Hello. I apologize if this has been answered or addressed elsewhere, and I just wasn't able to find it through searching.
I am attempting to run velveth on a paired-end Illumina-generated sequence with short reads ( the two initial read files have been preprocessed, trimmed, and made into a single .fa file). I was trying to find the best hash length, so I wanted to use the ./velveth output_directory/ m,M,s (..data files..) function, where m-M is the range of values and s is the step. This is all being run on a cluster, so there shouldn't be any issues with computing ability. I compiled Velvet with a max kmer length of 149.
My command: ./velveth /output_directory_on_cluster/ 51,81,2 -shortPaired /path/to/sequence/files.fa with varying values for the m,M,s bit.

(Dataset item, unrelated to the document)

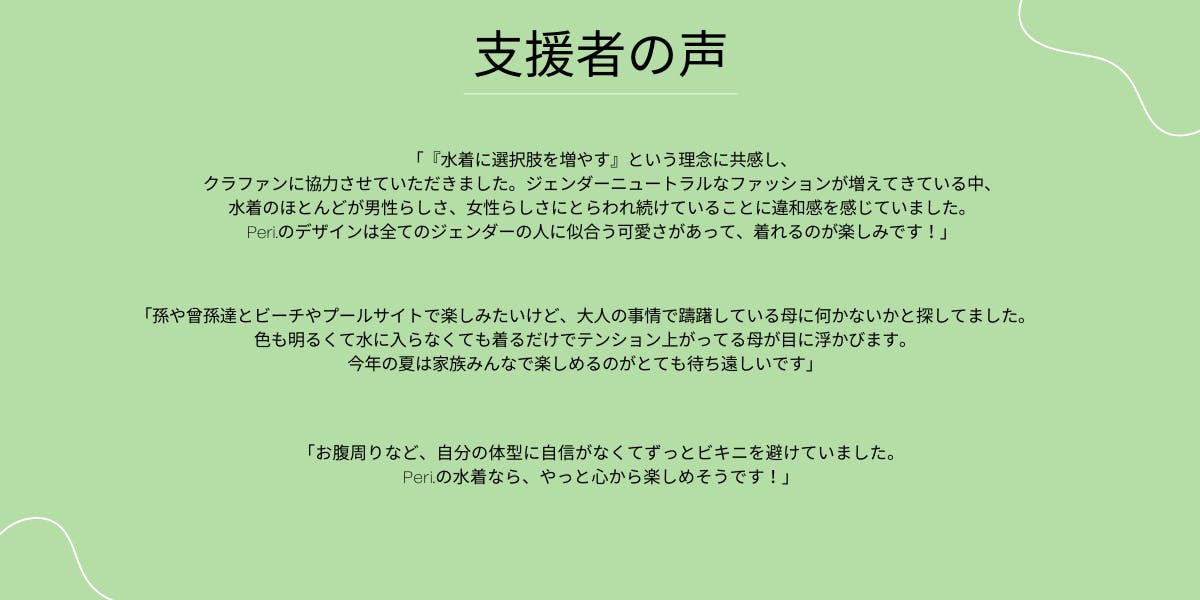 2022/07/26 09:25こんにちは、Peri.です!!CAMPFIRE開始依頼、ブランドのインスタグラムを通して発信してきた内容や頂いた温かい支援の声などをCAMPFIREを見てくださる皆様とも共有したく、CAMPFIRE終了まで残り1週間を迎え、本文に複数箇所追記をいたしました。<<追記箇所>>① 吸水ボトムクロッチ部分の機能構造今回の商品ラインナップにある吸水ボトムには、多くの方に関心と興味を抱いていただいています。ただ、やはり吸水ショーツと違って、吸水水着の場合はどのように機能するのだろうか?吸水とはどういうことなのか?というような疑問の声も多くいただきました。そこで、よりわかりやすい形で吸水構造をご説明できれはと思い、下記情報を追記しました。--------------------------------------------------------------------------------------失禁ショーツなどでも使用されている、吸水力の高い三層構造の特殊な生地を採用。撥水性のある水着表地と肌に優しい水着裏地で挟み込んだ、合計5層構造の吸水スイムボトムを独自開発しました。 ① 水着裏地 ② 吸水速乾加工 ③ 吸水消臭 ④ 透湿フィルム ⑤ 撥水水着表地1層目:水着裏地液体を通過させ、肌に触れる面をサラサラに保ちます。経血の漏れが目立たない、紺色の無地生地を採用。2層目:吸水速乾加工1層目で通過した液体を素早く吸水して漏れをガードしながらも、蒸れを防ぐ速乾加工。3層目:吸水消臭2層目で吸収した水分を保水しながら、強い消臭性で気になるにおいを緩和。4層目:透湿フィルム衣服内の水蒸気や湿気を外に逃がして蒸れを防止。5層目:撥水水着表地水切れがよく、乾きやすい撥水水着生地で外部からの水分を弾きます。② 支援者の声CAMPFIRE開始依頼、支援メッセージ欄やインスタグラムの投稿、コメントなどで多くの方からPeri.の想いに共感頂いております。そのような声をインスタグラムでは個々に紹介していたのですが、CAMPFIREにおいてもまとめて皆さんと共有できればと思い、追記しました。いよいよCAMPFIRE終了まで1週間を切りました…!この機会に、1人でも多くの人に私たちの活動を認知いただき、「誰にとっても優しい社会作り」のためのムーブメントにご賛同いただければとPeri.一同、心より願っております! もっと見る

The job takes a while to run, and usually the first kmer value comes out correctly (makes a folder with Log, Roadmap, and Sequences files in it). However, the other ones don't have valid Sequence files; they are all empty files. I can use the typical velveth format (.velveth /output_directory_on_cluster/ hash_length -shortPaired /path/to/sequence/files.fa) and it works if I separately run each kmer value that I'd like to test, but I was hoping to streamline it a little bit by using the m,M,s ability.
Has anyone experienced this problem before or know of a solution?
I see, thank you! That's very helpful to know.
A new question has come up: for all of the output files with the "symbolic link", I can't use ./velvetg on them. It gives me an error saying that it can't open the Sequences file. Any advice?